Zum gewünschten Erfolg führten die Plakate allerdings nicht, denn bei der Gemeinderatswahl am 26. September errang die KPÖ einen historischen Sieg. Der ÖVP-Bürgermeister trat noch am Wahltag zurück, die FPÖ spuckte Gift. So kam es, dass Yael Bartanas Beitrag in der vierten Festivalwoche in einem erneuerten politischen Graz zur Aufführung kam.

Der Hellseher Chaim Herrmann Steinschneider

Chaim Herrmann Steinschneider, österreichischer Jude, sympathisierte mit den Nazis, wurde unter einem Pseudonym in Berlin berühmter Hellseher, schließlich aber ermordet, nachdem er den Reichstagsbrand von 1933 vorhergesehen hatte. Nun kehrt er im Jahr 2021 mithilfe eines Mediums während einer Séance beim steirischen herbst zurück, um mithilfe des Publikums im Saal und per Livestream zugeschaltet in die Zukunft zu sehen.

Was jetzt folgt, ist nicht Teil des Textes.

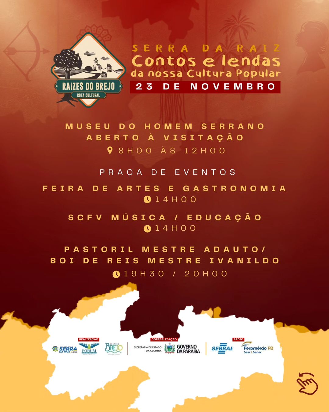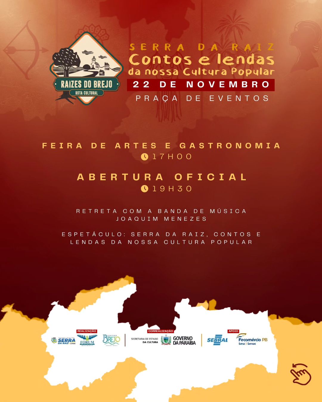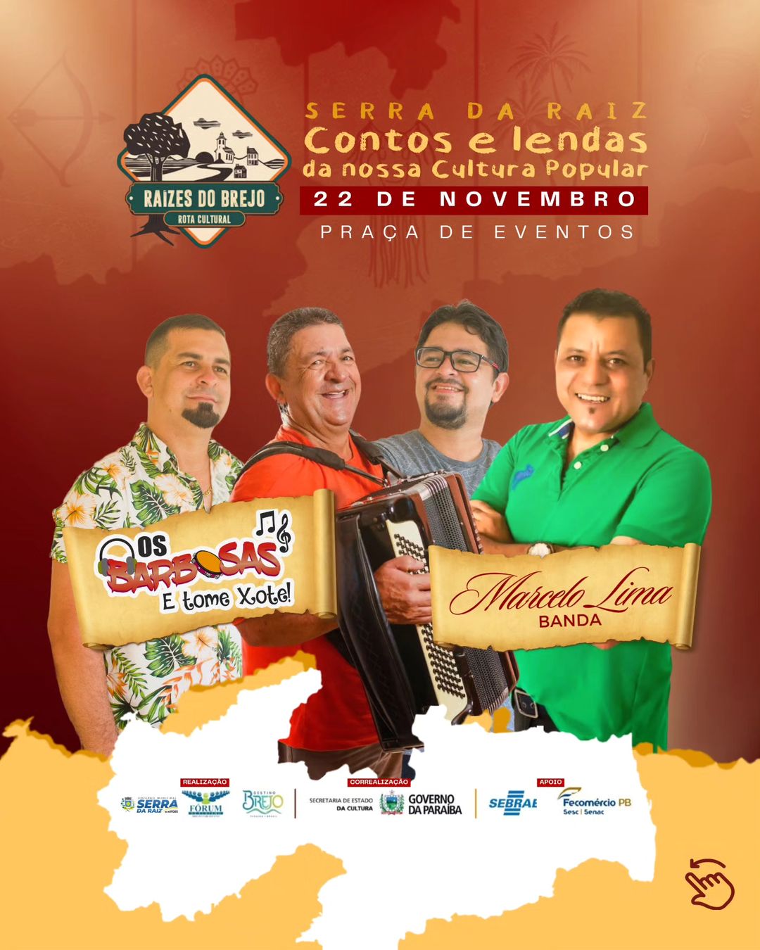 A gestão municipal através das secretarias de Turismo e Cultura, realizará de 22 a 24 de novembro mais uma edição do Raízes do Brejo.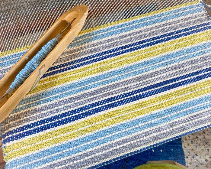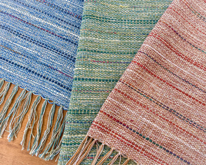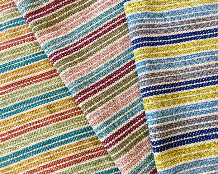 - 今回のプロジェクトでは、春らしい雰囲気の2パターンの柄(各3色)の布を織りました。

Er zeichnet ein Bild aus beängstigenden wie humorvollen Vorhersagungen, lässt sich vermeintlich mitgebrachte Gegenstände aus dem privaten Fundus des Publikums reichen, wie einen Kristallaschenbecher mit Hakenkreuz, legt assoziative Fäden zwischen der österreichisch-jüdischen Geschichte und neuen „Anschluss“-Spekulationen.

Bartanas Stück überzeugte mit einer herausragenden Sololeistung der Schauspielerin Susanne Sachsse, einem pointierten Skript und einer mitreißenden medialen Inszenierung, die mit aufwendiger Kameraführung im Live-Schnitt echtes Kinogefühl weckte. So reihte sich der Hybrid aus großem Theater und großer Videokunst in die großen Eigenproduktionen des steirischen herbstes ein. Wie das „Schmusen with the politicians“ in der Stadt mit der künftigen Koalition um die KPÖ wohl aussehen wird, sagte Chaim Herrmann Steinschneider allerdings nicht voraus.